This is a neat write up, but I’m curious what gaming inside a Distrobox container would be like. For starters, is there any performance impact or potential glitches like screen tearing, and second, could I say, install a more recent mesa package in the container (assuming this is Fedora Silverblue), and have the game use it?
Should work fine, bazzite even has a premade one, try it:
distrobox create --nvidia --image ghcr.io/ublue-os/bazzite-arch --name bazzite-arch
Out of curiosity what’s the reason to run games in a distrobox container instead of just running them in the host os?
The immediate advantage is that you could get newer mesa in your distrobox but continue to use a stable one in the host so that it doesn’t fuck up your more important work. I switched to using containers or flatpaks for everything on my system a while ago. I have a distrobox for running odd games I get off Itch and stuff like Steam/Bottles is from flatpak. I even run Silverblue now and haven’t had any major issues for about 2 years at this point. Hell I was switching between GNOME 45 Beta and 44 Stable like it was no big deal.

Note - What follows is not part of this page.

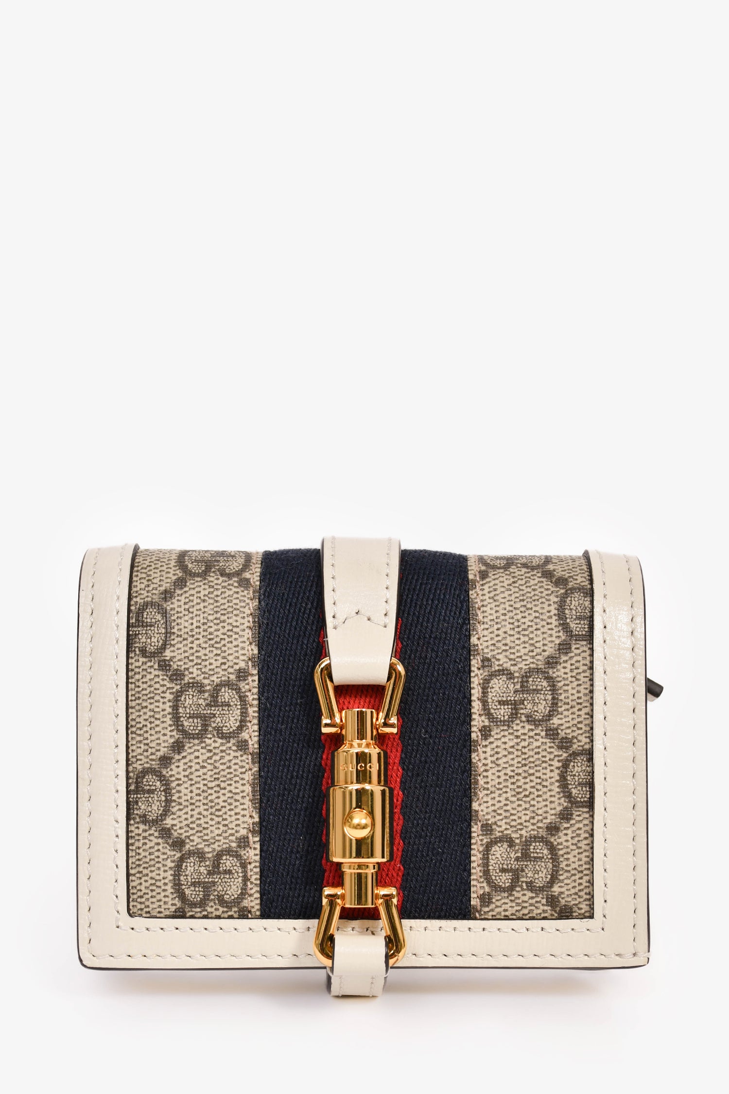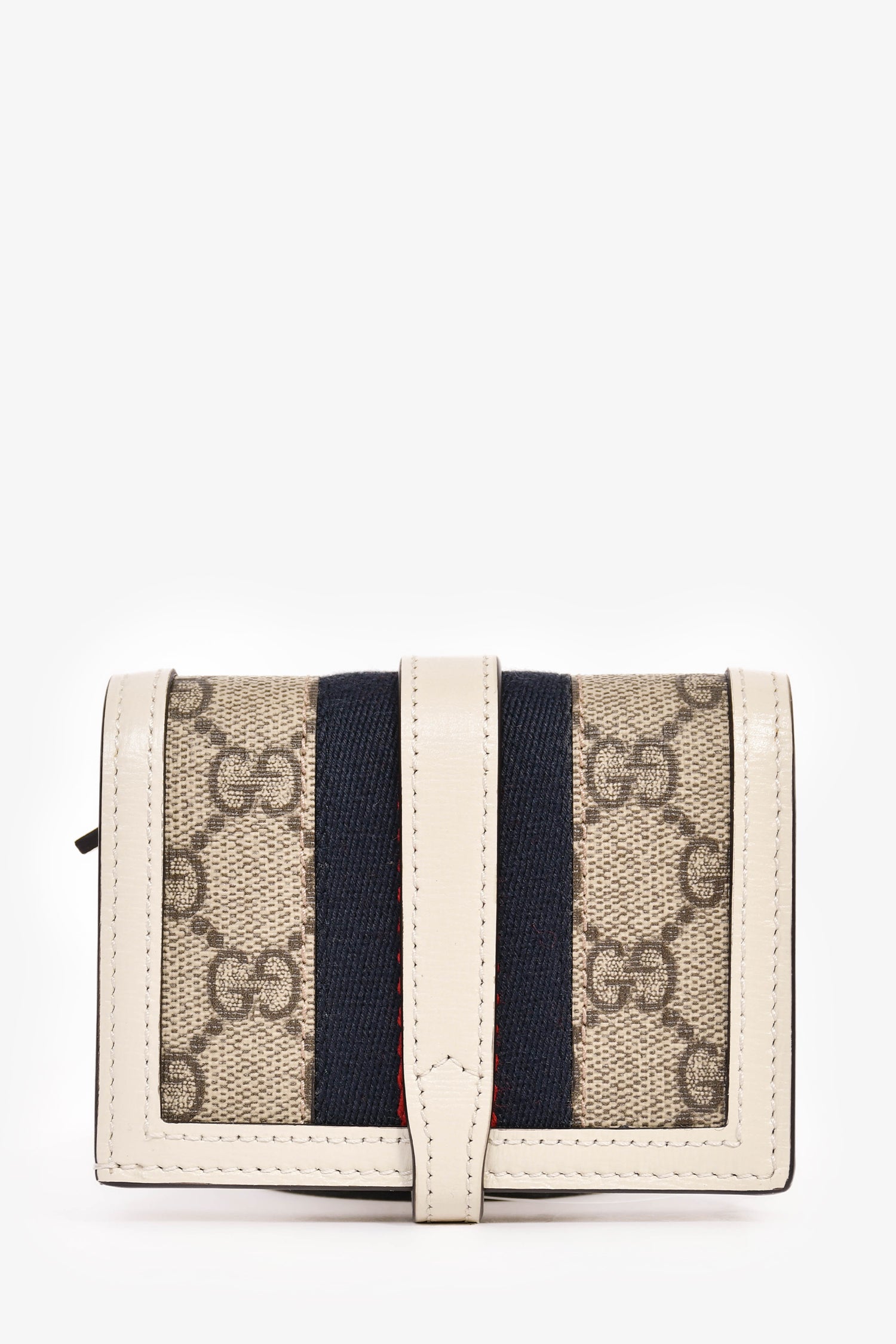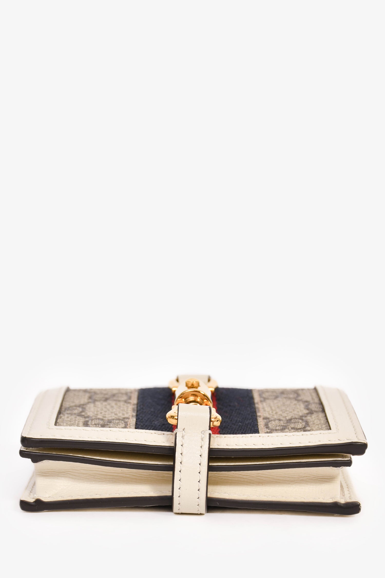 Refresh availabilityGucci White Leather GG Supreme Jackie 1961 Compact Wallet. Bi-fold opening with push-lock closure. 6 interior card slots, 1 bill compartment and 1 zip coin pocket. Grosgrain strip. Gold-tone hardware. Tonal stitching.

That’s a super interesting idea. I will have to give that a shot!
Right now I just use flatpak for all my gaming needs and shared things like browsers, slack, etc.

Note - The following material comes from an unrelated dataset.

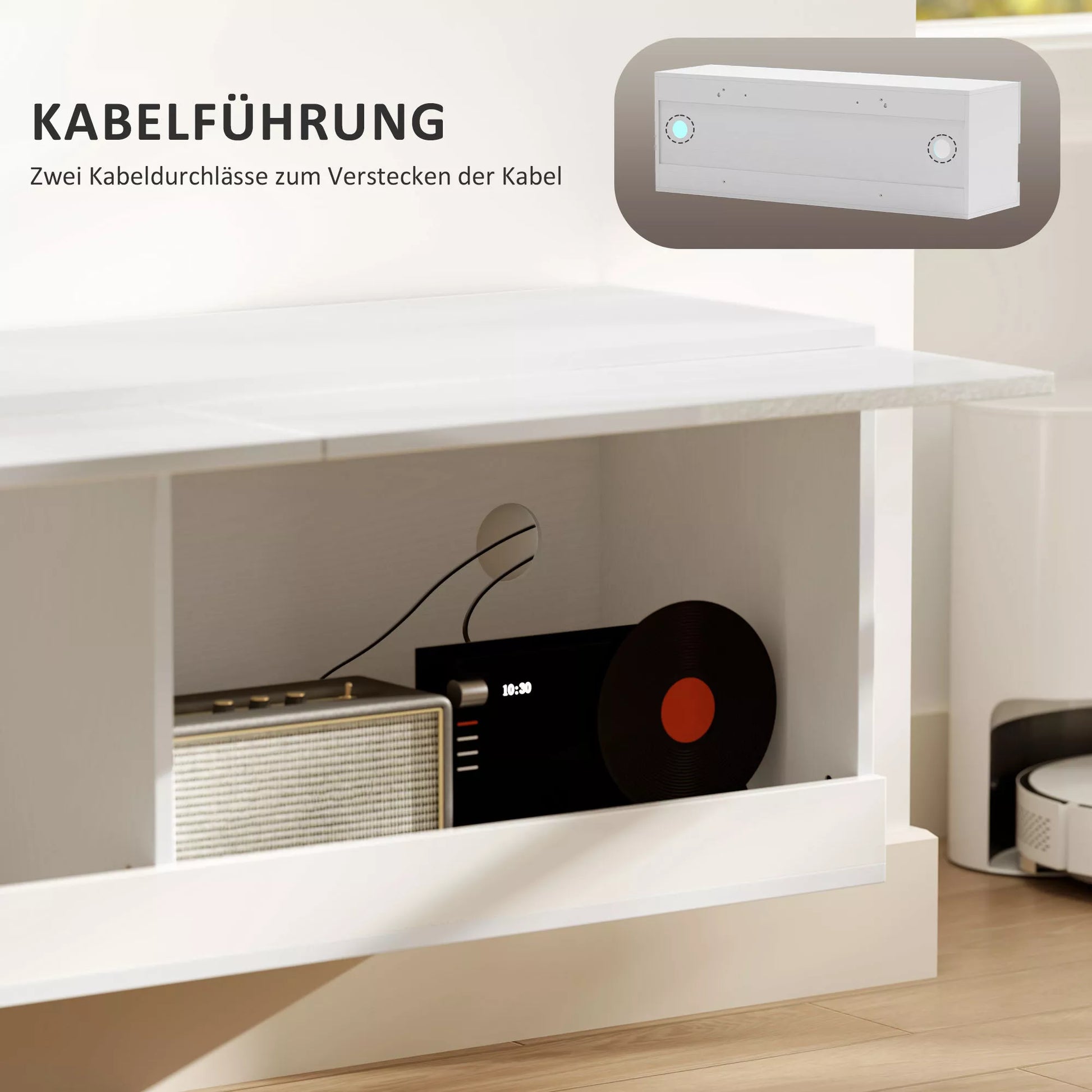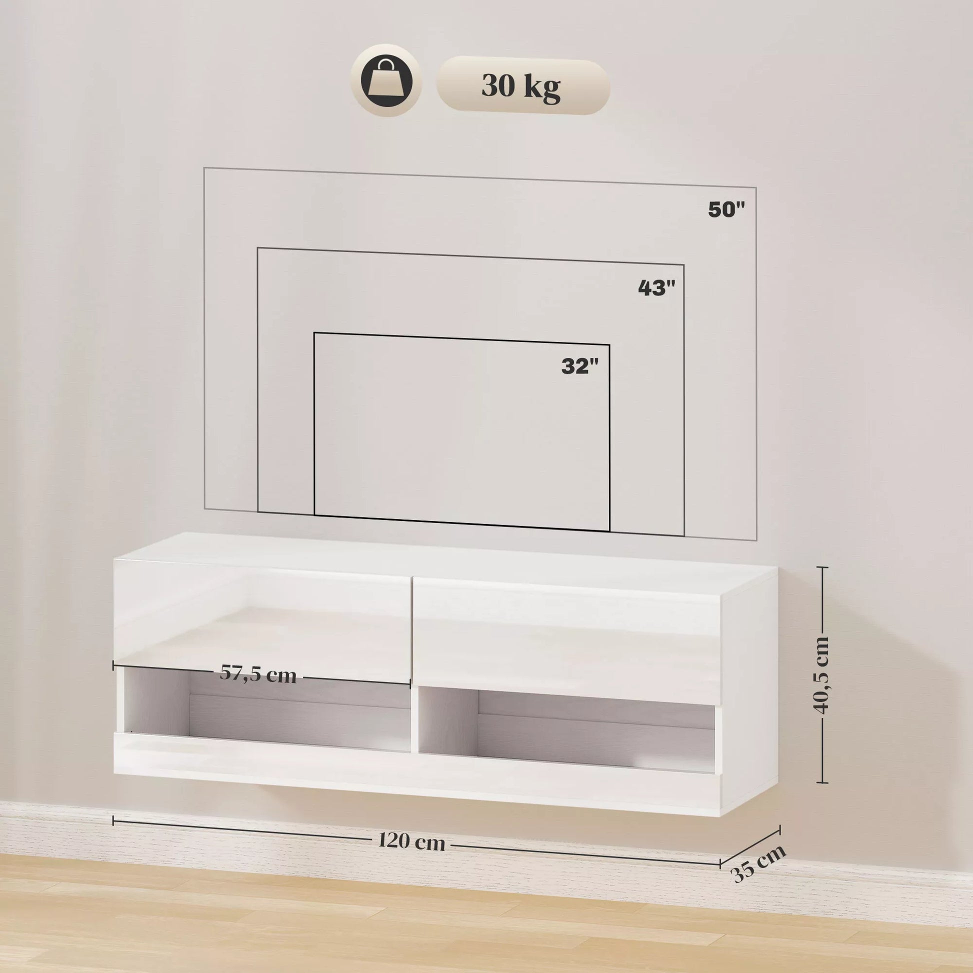 Sieninė TV spintelė su LED apšvietimu, 16 mirksėjimo režimų, atviros lentynos, 120 x 35 x 40,5 cm, balta

My issue with flatpaks is that having too many flatpaks becomes a chore to manage. I did not have a fun time with Steam in a flatpak (required some mucking around to get the DPI and cursor size right) and same with Chromium a while back (took me a long time to figure out how to pass on the flags to enable Wayland support). IMO, having a single container (or a container for a particular activity, like gaming) would be a much more cleaner approach, while offering the flexibility akin to a mutable OS (so no weird flatpak quirks to deal with… in theory). This would also make things like backups easier, I could just save my “gaming” container to one tar and not worry about whether I missed any dependencies etc.
That’s pretty much what I do, spin up a container for anything I need to do and everything is within that… once I’ve finished I blow the container away and all the dependencies go with it. Currently use proxmox as a frontend for that although I ran on the command line for ages before switching to a beefier server.
I do the same with docker - nest it in a container so everything is together (and also so it can’t screw around with the host networking). eg. my lemmy container has the lemmy docker and its dependencies together.